Jesus’ disciples asked him later why he hung out with such low lifes as tax collectors and sinners. He responded that those who are well don’t need a physician, but those who are suffering…
Again, he said he wasn’t trying to destroy the law. He even told the people to specifically obey and not break the Ten Commandments. But Jesus was very much an activist and even subversive. I think he was trying to change the law. He promoted nonviolence, but he also promoted active resistance. He told the people to turn the other cheek, effectively offering an oppressor the chance to take another shot, which may very well land them in trouble. He said go the second mile. Soldiers could enlist citizens to carry their gear a certain distance, but no further. Jesus suggested going the second mile, not to help them out, but to get them into trouble. He said give them not only your shirt but also your cloak. A debt collector had to leave something for people to be afforded basic comfort. The cloak was both a coat for warmth and a blanket for sleeping. It couldn’t be taken, but if you gave it to them, again those charged with protecting the law risked breaking it. And even if these measures are interpreted as gestures of good will to the authorities, the result is additional suffering on the part of the poor, the meek, the pure of heart, the peacemakers. The result either way is that the weak are really the strong. They are the blessed. To invoke a phrase from Joel Osteen of Lakewood Church across town, “the victims are the victors.” Or as he says to his congregation “Be a victor, not a victim.” A sound soundbyte.
I am not come to destroy, but to fulfill.
What was he fulfilling? I think this is the key to the whole passage. Traditional interpretations suggest that the meaning here is nothing short of eschatological– the end times, the fulfillment of the apocalypse, and final judgment. I think that modern Christianity would be a wholly different and even more appealing religion if the book of Revelation had been left out. Which it almost was. Some even tried to have it removed as recently as a few hundred years ago.
If we separate the wheat from the chaff (to invoke another biblical nugget), we find that the heart of Jesus’ teachings (the wheat in this case), was almost exclusively devoted to the theme of love and care for one another, neighbor, and enemy alike. It was for the creation of a beloved community. His message was one also of personal empowerment of those who were considered the least among us. He told them time and again that faith would heal them. Faith comes from within. Faith is the very hardest thing in the face of truth, which is why he spent so much time trying to empower them to overcome adversity through faith.

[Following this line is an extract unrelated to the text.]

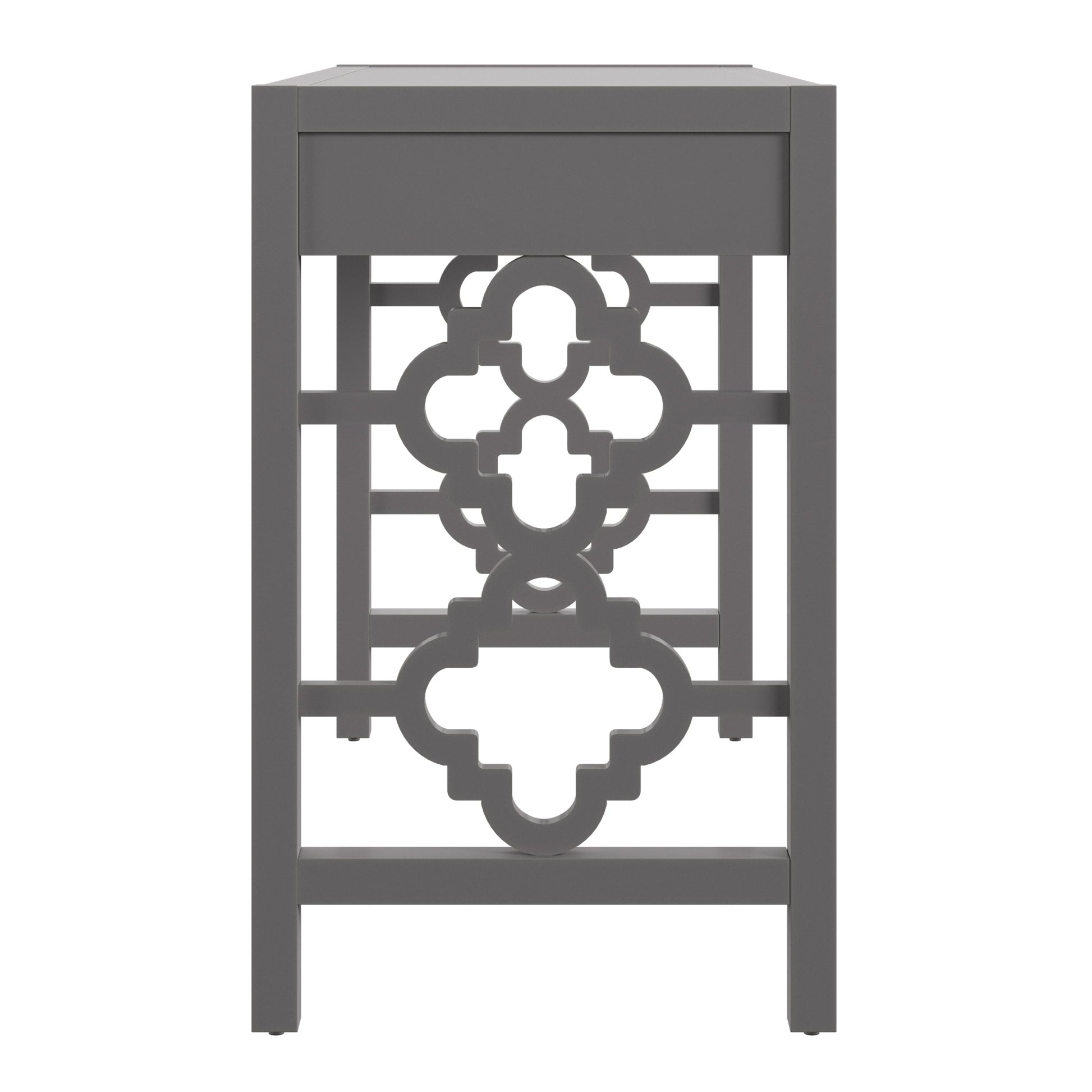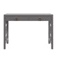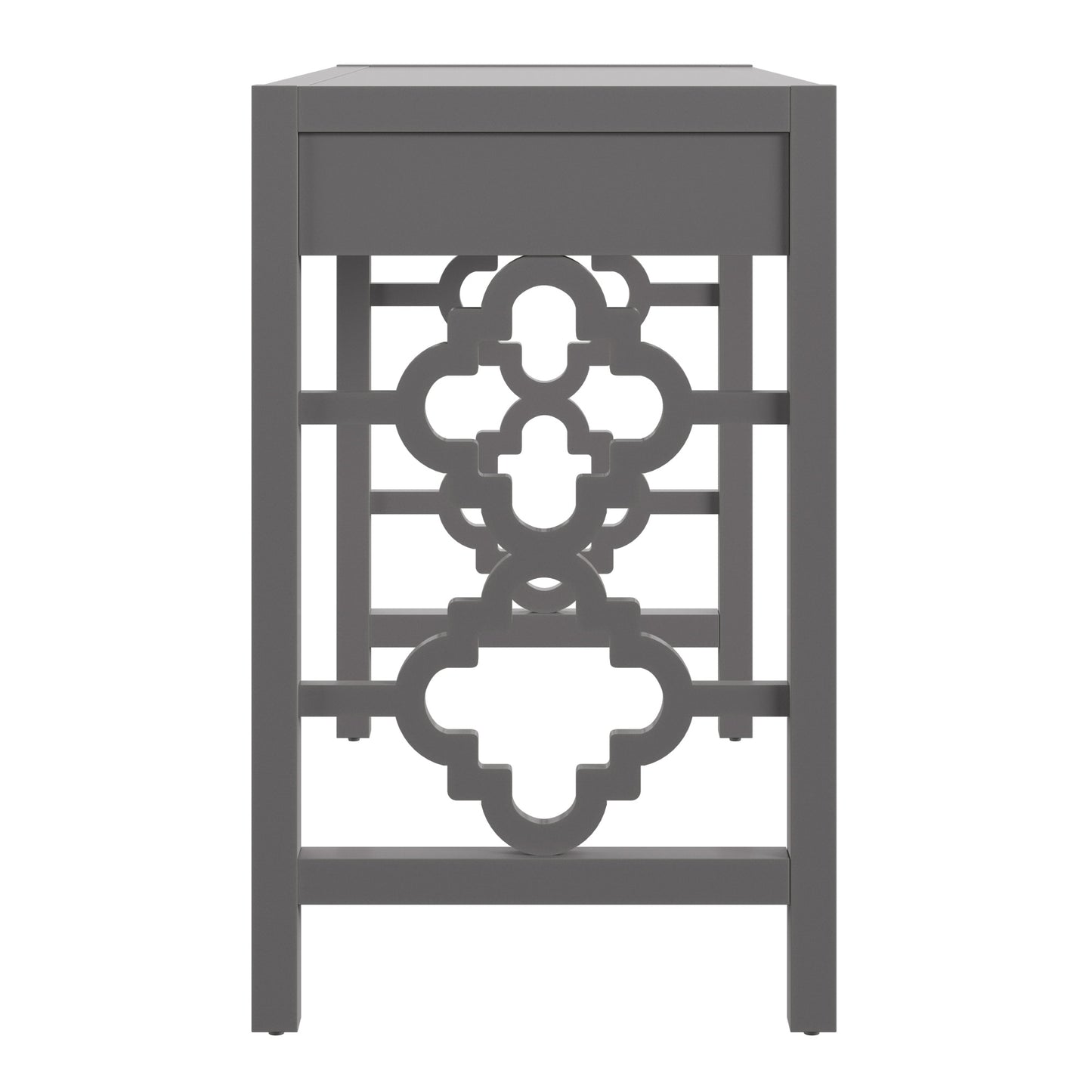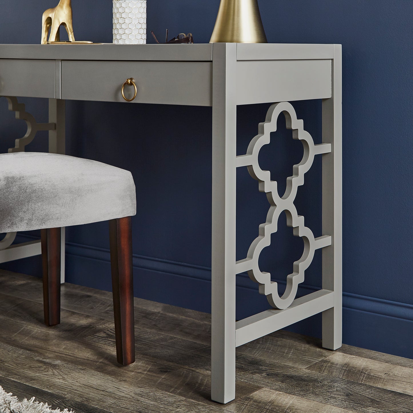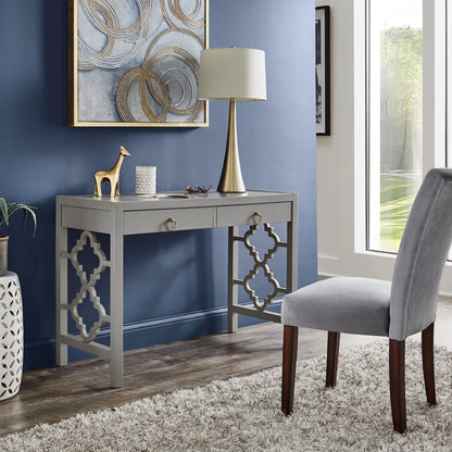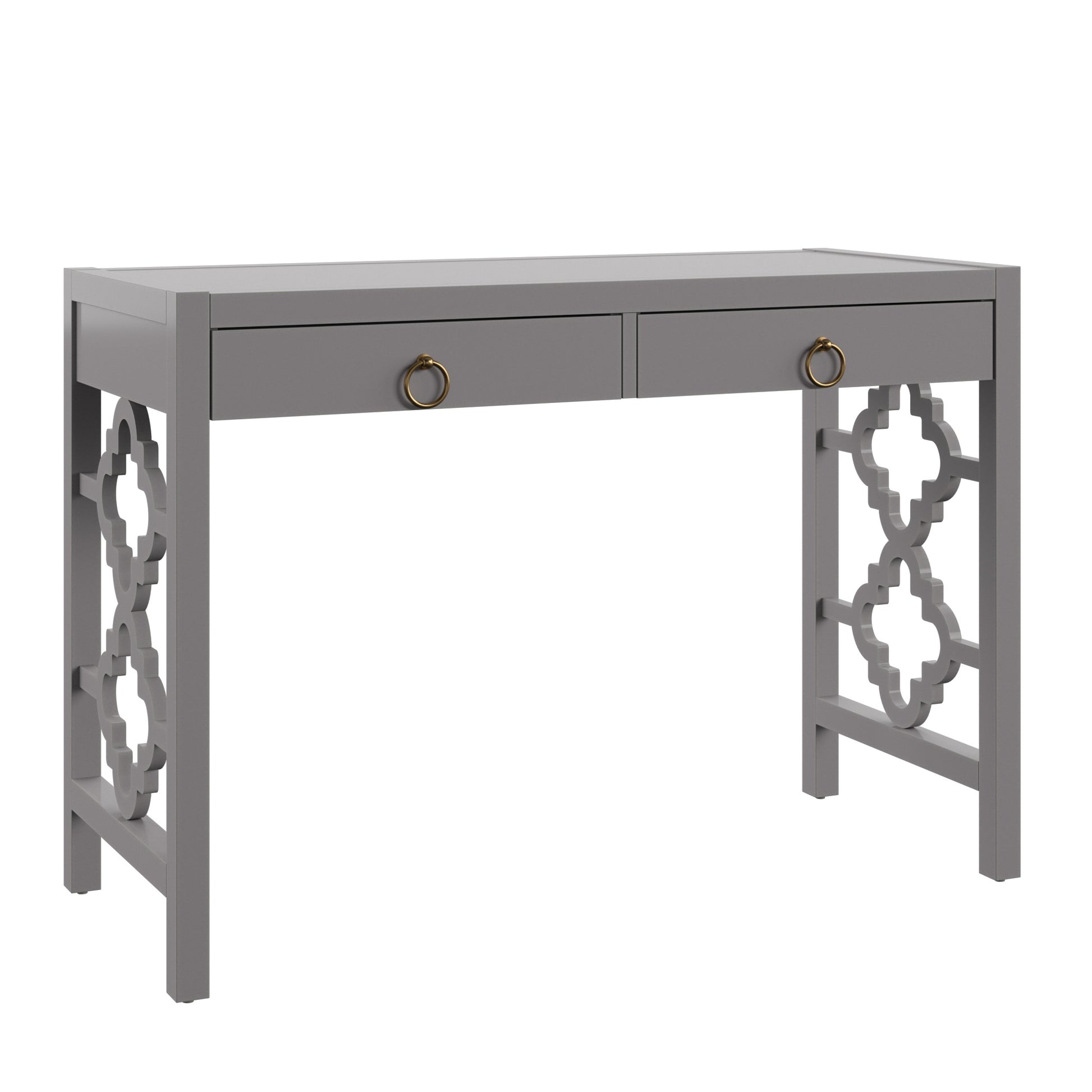Complete your office space with the iNSPIRE Q writing desk by iNSPIRE Q Classic. Cut-out quatrefoil designs add striking accents on the side of the desk. The space-saving design features two drawers with brass finish ring drawer pulls, for plenty of storage without compromising stylish sophistication. The durable construction offers lasting use and goes perfectly with styles from modern glam to transitional. Create a chic work space with a desk that will fit perfectly with your space.

For verily I say unto you, Till heaven and earth pass, one jot or one tittle shall in no wise pass from the law, till all be fulfilled.
This first phrase, “For verily I say unto you” in the King’s English (I’m sorry I don’t have the Greek or Aramaic on the tip of my tongue) is universally interpreted by biblical scholars to be an attention getter. “Hey folks, listen up, you better believe me when I say…” My own paraphrase of the rest of the passage goes like this: “Hell will freeze over before even the smallest detail of the law changes, until all is fulfilled, until you do something about it. Don’t go breaking the law, but change it so that this beloved community can be formed.”
After going through a few examples, he told these underdogs that until their righteousness exceeded the righteousness of the scribes and Pharisees, until they became victors and not victims, that they would not enter the kingdom of heaven. The scribes and the Pharisees were the recorders, and the interpreters and the enforcers of the political, social, and religious law. Jesus was saying that those who suffer, those who care, those who are oppressed, those who look out for the world, are as well and even better equipped for the task of interpreting the rule of law, than are those charged with doing so.
The kingdom of heaven that he refers to isn’t in the hereafter as many would have us believe. It is here and now. We can create heaven or hell here on earth. Human beings are capable of almost anything. Nothing is going to change until we change it. We need to attend to the details of our spiritual lives. We need to challenge the status quo, as Jesus did, so that we can bring about heaven here on earth. We can sit back and watch and do nothing and feel sorry others, or feel sorry for ourselves. But this would be the worst sin of all.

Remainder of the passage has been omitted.